Methods: The authors completed a prospective study of individuals who experienced a LAS within 3-weeks of data collection. To be included in the study, participants were required to be between the ages of 18 and 35. In addition, the LAS must have been associated with inflammatory symptoms and caused at least 1-day of interruption in their physical activity. 

Participants who enrolled in the study completed a one-hour data collection session. During this session, participants provided demographic information (age, gender, weight, height, injured leg, dominant leg, and physical activity). Next, participants completed the Modified-BESS, the SLDL, and the DVJ tasks. The Modified-BESS task reflected the previously reported BESS procedures (eyes closed balancing on firm/foam surfaces during double-limb, single-limb and tandem stance), but also included a dual-task component (Backward Digits Span Task). A 40-cm box was used for both the SLDL and DVJ tasks. After completing the data collection sessions, participants were contacted every month to determine whether they re-injured the involved ankle. After 6-months, participants completed the Cumberland Ankle Instability Tool (CAIT) to determine their status as either potential ankle instability or potential copers. Since a patient is not considered to be diagnosed with CAI until 12-months post-injury, the authors found the term ‘potential’ to be most appropriate.  Individuals who scored lower than a 24 on the CAIT and/or experienced any re-sprain during the follow-up period were classified as ‘potential ankle instability’. Participants who scored 24 or greater on the CAIT and did not experience any re-sprains were classified as ‘potential copers’. 
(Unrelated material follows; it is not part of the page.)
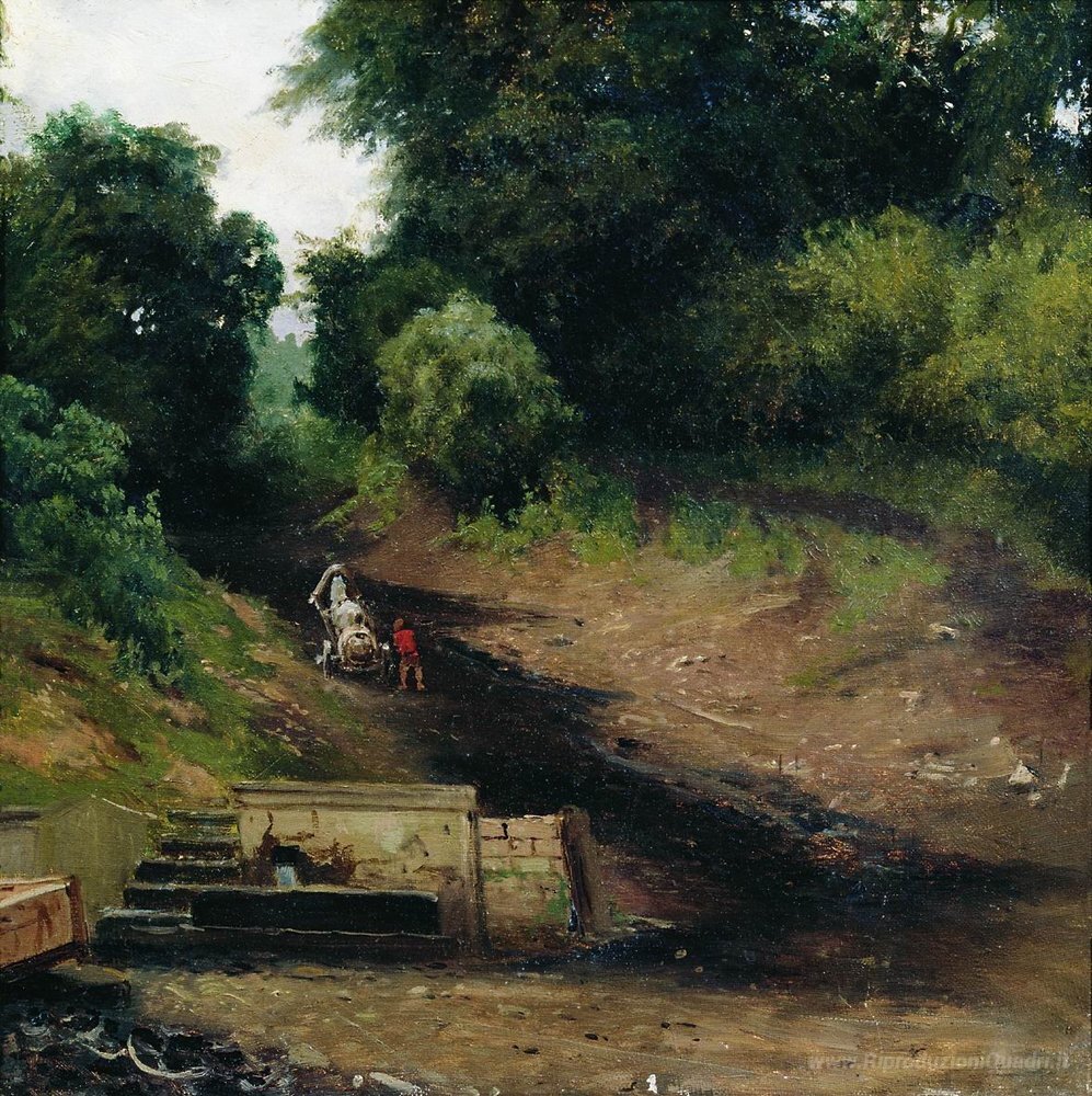 Ti offriamo una riproduzione artigianale su tela dell'opera famosa 'Fontana' di Grigoriy Myasoyedov, dal Museo delle Riproduzioni.

Results: Thirty-three individuals completed the study where 21 of the individuals met the potential ankle instability criteria 6-months following their initial injury. Specific to the main outcome measures, the authors found that for every 1-point increase observed on the Foam-Tandem stance task (part of the Modified BESS) increased the odds of developing ankle instability by 1.5. In addition, participants who were unwilling to complete the SLDL increased their odds of developing ankle instability by 10. Finally, individuals who sustained a LAS to their non-dominant limb had a 6 times greater odds of developing ankle instability when compared to individuals who sprained the ankle on the dominant limb. 

Rolling the field forward: The authors report that various functional tests, as well as demographic information may help clinicians prospectively identify individuals at a heightened risk of developing ankle instability 6-months after the initial injury. Clinicians can incorporate functional tasks as an evaluation tool to help guide the return to activity process.

Question for the researchers: The criteria required participants to be within 3-weeks of the LAS at the time of data collection; however, the time since injury was not reported. Did the authors observe differences in time since ankle sprain among participants? Do the authors have a recommendation as to when clinicians should incorporate these functional tasks as part of their evaluation?